Preg_match_all與嵌套匹配

我正在開發模板系統並遇到一些問題。Preg_match_all與嵌套匹配

該計劃是在其中創建帶有[@tags]的HTML文檔。我可以只使用str_replace函數（我可以循環槽全部更換更多鈔票），但我想按這個遠一點;-)

我想允許嵌套的標籤，並允許參數與每個標籤：

[@title|You are looking at article [@articlenumber] [@articlename]]

我想獲得與preg_match_all結果如下：

[0] title|You are looking at article [@articlenumber] [@articlename] 
[1] articlenumber 
[2] articlename

我的腳本將拆分|參數。從我的腳本的輸出將是這樣的：

<div class='myTitle'>You are looking at article 001 MyProduct</div>

我遇到的問題是，我不是跟正則表達式exprerienced。我的paterns結果幾乎是我想要的，但有嵌套params問題。

\[@(.*?)\]

將從articlenumber停在。

\[@(.*?)(((?R)|.)*?)\]

是更喜歡它，但它沒有抓住articlenumber; https://regex101.com/r/UvH7zi/1

希望有人能幫助我！提前致謝！

來源

2017-10-09 Remi Romme

我相信是時候使用一個合適的html解析器，比如http://simplehtmldom.sourceforge.net/;）下面是關於pcre遞歸模式的總結，但是它會很快失去作用http：// www.rexegg.com/regex-recursion.html。 –

你不能用普通的Python正則表達式來做到這一點。
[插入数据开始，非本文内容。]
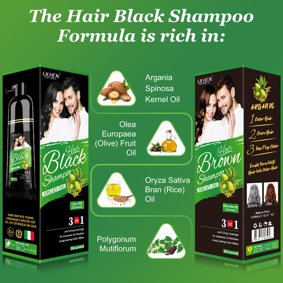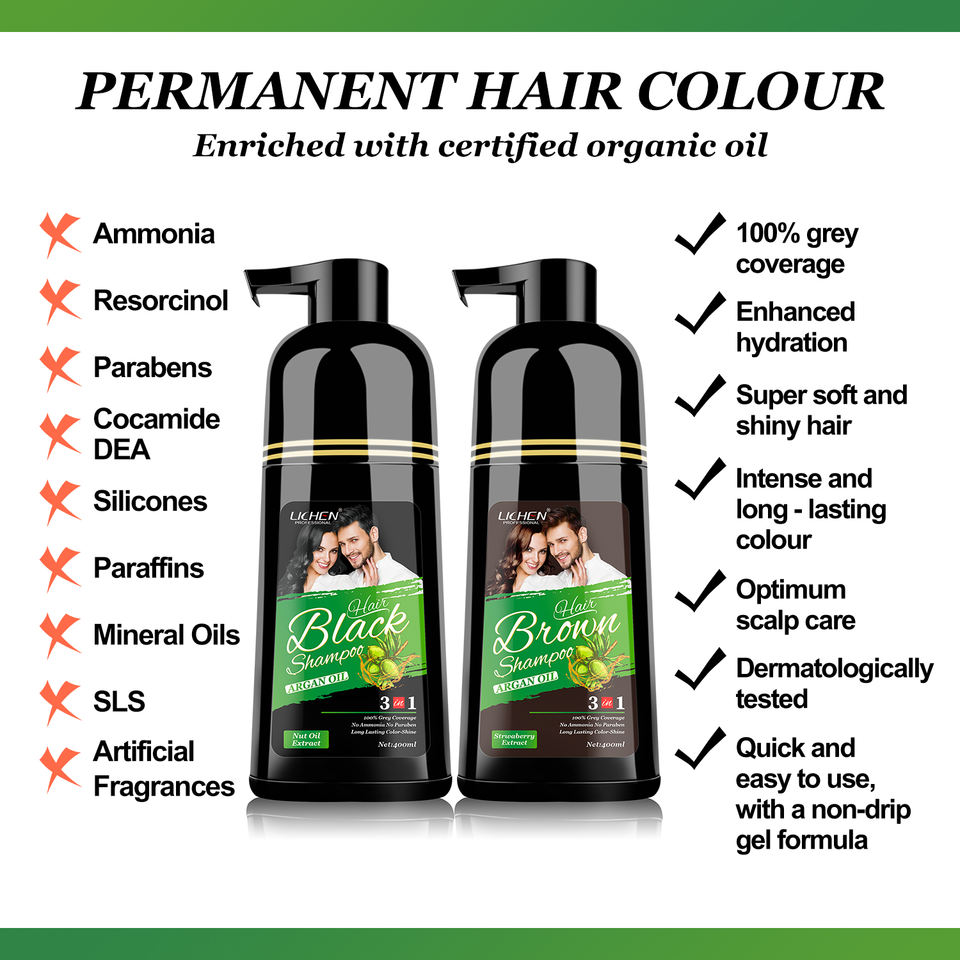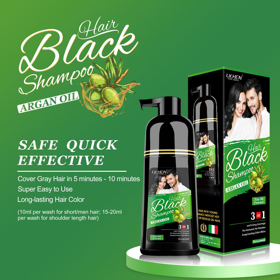 Lichen champú mágico de teñido rápido en 5 minutos, cobertura de canas para cabello negro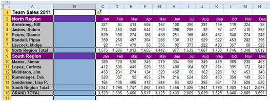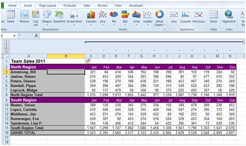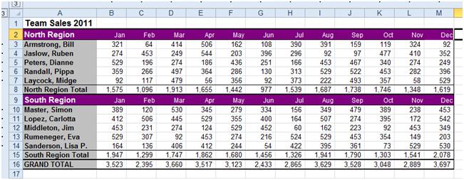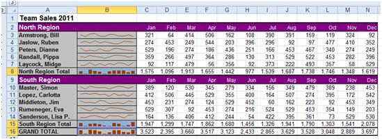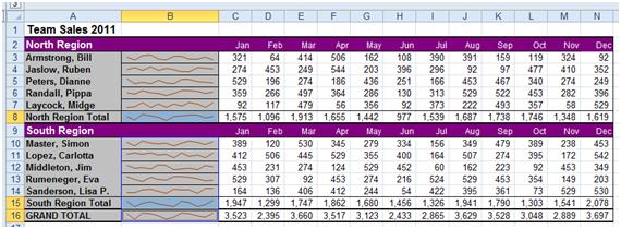 The monthly sales data for each member of a team is shown. We can look at the numbers for each team member but there is no simple visual snapshot of how each of them is doing, or of how the two sales regions are doing overall.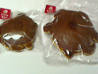 亀戸天神への途中にある和菓子屋、このお菓子は亀戸梅屋敷で購入。皮が亀の形になっている変わったどら焼き。皮が旨い、餡はつぶし餡で個人的にはもう少し甘い方が好きです。特別大きい亀のどら焼き、普通のどら焼き、普通と言ってもかなり大きい。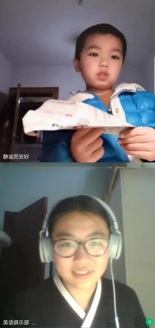 外国语学院志愿者李雨昕与袁骁勇小朋友线上交流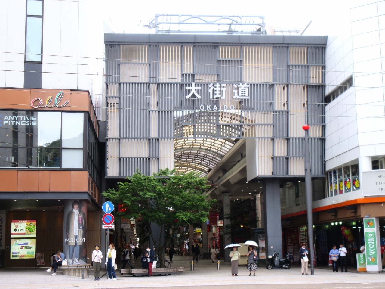 南には大街道、銀天街、松山市駅へ通じていて、北には松山城のロープウェイ乗場へ通じる松山ロープウェー商店街が伸びています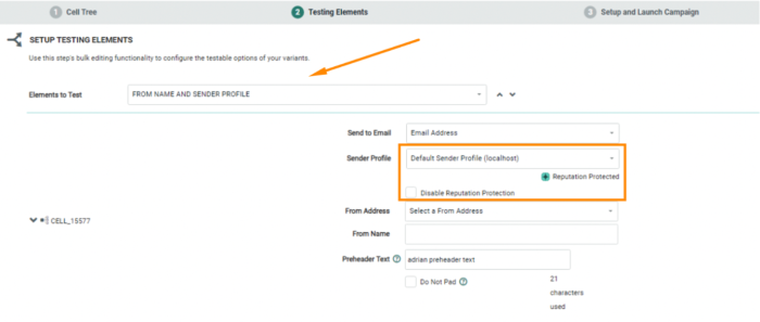 For cells and splits campaigns, if a campaign is split by “From Name and Sender Profile”, you can define the Reputation Protection setting at the cell level.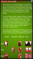 Flower cards were invented in Japan, possibly in order to circumvent laws against playing with conventional 4-suited card decks. Nowadays, however, it is in Korea that games with flower cards are most popular. The best known Korean flower card game is Go Stop(맞고,こいこい), which like most Japanese flower card games is a fishing game.

您正在尋找類似於「balancing groups」的功能。 NET RegEx's engine，允許嵌套匹配。

在PyParsing允許嵌套表達請看：從pyparsing進口nestedExpr

import pyparsing as pp 
text = '{They {mean to {win}} Wimbledon}' 
print(pp.nestedExpr(opener='{', closer='}').parseString(text))

輸出是：

[['They', ['mean', 'to', ['win']], 'Wimbledon']]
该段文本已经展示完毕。